1.Consulting Services. Consultant agrees, for the period beginning on the Effective Date until May 1, 2024 or otherwise terminated pursuant to Section 5 hereof (the “Consulting Period”), to perform consulting services as an employee of the Company for the Company and its subsidiaries, including continuing his service as the Company’s designee to the Board of Managers of BS Holdings GP LLC (an entity affiliated with the buyer of the Company’s former wholly-owned subsidiary, Blue Sombrero, LLC) (the “Consulting Services”), if and as requested and previously authorized by the Company’s Executive Chair, President & Chief Executive Officer, Chief Financial Officer or General Counsel. The Consulting Services shall be of an advisory nature, and the Company shall not have any obligation to follow such advice.
2.Compensation. As consideration for the Consulting Services, the Company shall pay Consultant the following benefits:
(a) Benefits. During the Consulting Period, Consultant shall continue to be entitled to participate in health benefits that are provided by the Company, in accordance with the documents governing those benefits.
(b) Equity Awards. With respect to Consultant’s unvested outstanding equity set forth on Appendix A, the Consulting Period shall constitute “Continuous Service” (as defined under the Company’s 2012 Stock and Incentive Plan, as amended).
(c) Reimbursement of Expenses. The Company shall reimburse the Consultant for all reasonable expenses incurred in connection with service as the Company’s designee to the Board of Managers of BS Holdings GP LLC, to the extent the Consultant is not reimbursed by BS Holdings GP LLC or an affiliate.
(d) Fees for Services. The Consultant may perform services for the Company from time to time for fees commensurate with his base salary..
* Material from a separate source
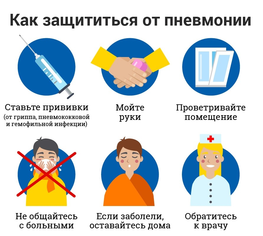 В целях профилактики внебольничной пневмонии соблюдайте гигиену рук. Мойте руки водой с мылом как можно чаще, особенно после кашля или чихания. Также эффективными являются средства для обработки рук на основе спирта. Прикрывайте рот и нос бумажной салфеткой во время кашля или чихания. Если у вас нет салфетки, при кашле или чихании прикрывайтесь локтем или плечом, а не руками.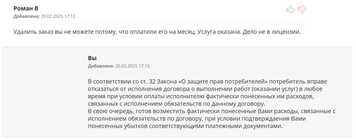 В ответ на все заявления о том, что условий подарка не предоставлено, от оплаченной услуги я могу отказаться в любое время, получаем ответы типа такого:

3.Cooperation. After the conclusion of the Consulting Period, Consultant agrees to cooperate fully with the Company and its counsel, accountants and investigators in its defense of, or other participation in, any administrative, judicial, or other proceeding arising from any charge, complaint, or other action which has been or may be filed relating to the period Consultant was engaged in consulting with the Company, on reasonable terms and with reasonable notice as shall be agreed by the parties.
4.Remedies for Breach. In the event that Consultant willfully and materially breaches Consultant’s obligations under this Agreement, in addition to whatever other rights the Company may have, Consultant shall forfeit his right to receive any further payments or benefits under this Agreement.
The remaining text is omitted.